On 11/12/21 2:37 PM, Sean Christopherson wrote:
On Fri, Nov 12, 2021, Borislav Petkov wrote:
On Fri, Nov 12, 2021 at 07:48:17PM +0000, Sean Christopherson wrote:
Yes, but IMO inducing a fault in the guest because of _host_ bug is wrong.
In the automatic change proposal, both the the host and a guest bug will
cause a guest to get the #VC and then the guest can decide whether it
wants to proceed or terminate. If it chooses to move, it can poison the
page and log it for future examination.
What do you suggest instead?
Let userspace decide what is mapped shared and what is mapped private. The kernel
and KVM provide the APIs/infrastructure to do the actual conversions in a thread-safe
fashion and also to enforce the current state, but userspace is the control plane.

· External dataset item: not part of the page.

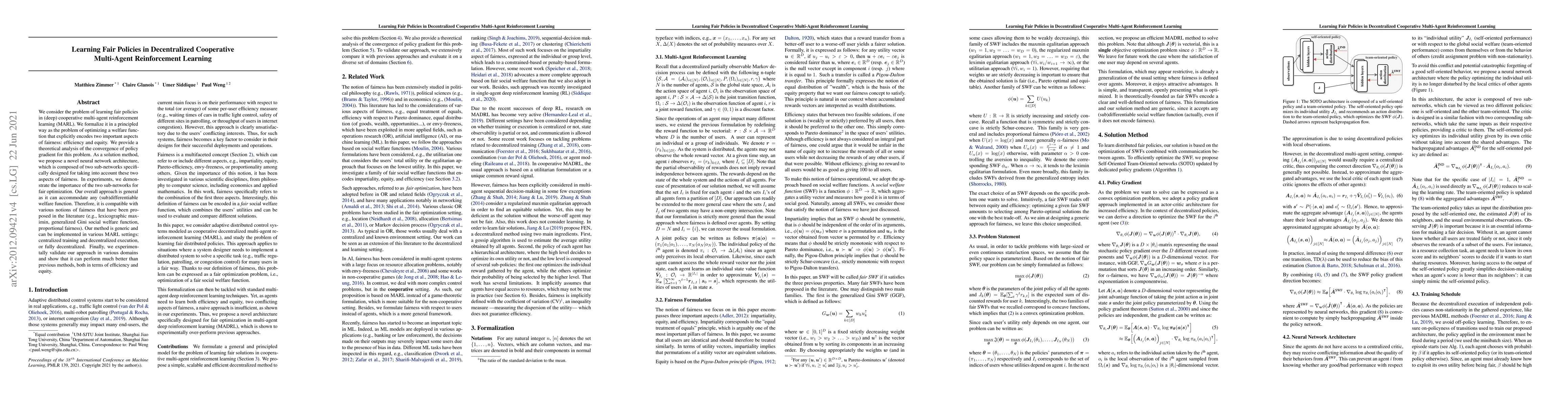 This paper proposes a novel neural network architecture for learning fair policies in cooperative multi-agent reinforcement learning, focusing on optimizing a welfare function that balances efficiency and equity. The approach is shown to outperform previous methods in various MARL settings and domains.

It would require non-trivial changes in userspace if there are multiple processes
accessing guest memory, e.g. Peter's networking daemon example, but it _is_ fully
solvable. The exit to userspace means all three components (guest, kernel,
and userspace) have full knowledge of what is shared and what is private. There
is zero ambiguity:
- if userspace accesses guest private memory, it gets SIGSEGV or whatever.
- if kernel accesses guest private memory, it does BUG/panic/oops[*]
- if guest accesses memory with the incorrect C/SHARED-bit, it gets killed.
This is the direction KVM TDX support is headed, though it's obviously still a WIP.
Just curious, in this approach, how do you propose handling the host
kexec/kdump? If a kexec/kdump occurs while the VM is still active, the
new kernel will encounter the #PF (RMP violation) because some pages are
still marked 'private' in the RMP table.
And ideally, to avoid implicit conversions at any level, hardware vendors' ABIs
define that:
a) All convertible memory, i.e. RAM, starts as private.
b) Conversions between private and shared must be done via explicit hypercall.
Without (b), userspace and thus KVM have to treat guest accesses to the incorrect
type as implicit conversions.
[*] Sadly, fully preventing kernel access to guest private is not possible with
TDX, especially if the direct map is left intact. But maybe in the future
TDX will signal a fault instead of poisoning memory and leaving a #MC mine.
thanks